● Task directions
Your answer should hold exactly the lines below from the line with "國(guó)家旅游地理 寧夏銀川10月11日訊 圖為顧蕓香(8月14日攝)" through the line with "今日は「行楽の秋給食」です。", both included, and no pictures at all.

● Dataset
··········

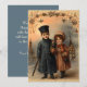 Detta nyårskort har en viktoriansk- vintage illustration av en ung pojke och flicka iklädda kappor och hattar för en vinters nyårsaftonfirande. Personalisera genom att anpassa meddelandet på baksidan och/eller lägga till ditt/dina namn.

··········

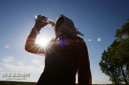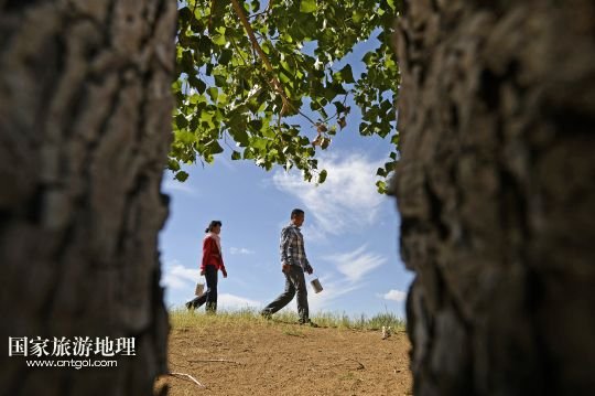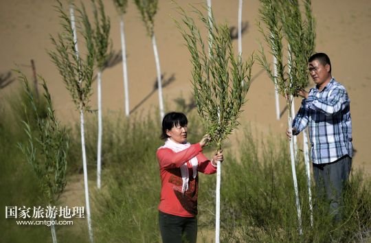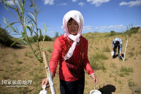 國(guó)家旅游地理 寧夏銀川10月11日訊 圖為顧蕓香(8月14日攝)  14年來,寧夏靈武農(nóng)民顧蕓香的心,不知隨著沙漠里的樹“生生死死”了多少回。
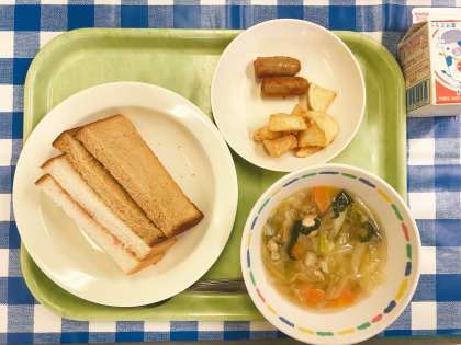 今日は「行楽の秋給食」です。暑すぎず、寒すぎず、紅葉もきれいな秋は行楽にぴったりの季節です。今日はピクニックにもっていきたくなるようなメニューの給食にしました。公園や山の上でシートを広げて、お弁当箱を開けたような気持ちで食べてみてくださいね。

··········

● Written answer
 國(guó)家旅游地理 寧夏銀川10月11日訊 圖為顧蕓香(8月14日攝)  14年來,寧夏靈武農(nóng)民顧蕓香的心,不知隨著沙漠里的樹“生生死死”了多少回。
 今日は「行楽の秋給食」です。暑すぎず、寒すぎず、紅葉もきれいな秋は行楽にぴったりの季節です。今日はピクニックにもっていきたくなるようなメニューの給食にしました。公園や山の上でシートを広げて、お弁当箱を開けたような気持ちで食べてみてくださいね。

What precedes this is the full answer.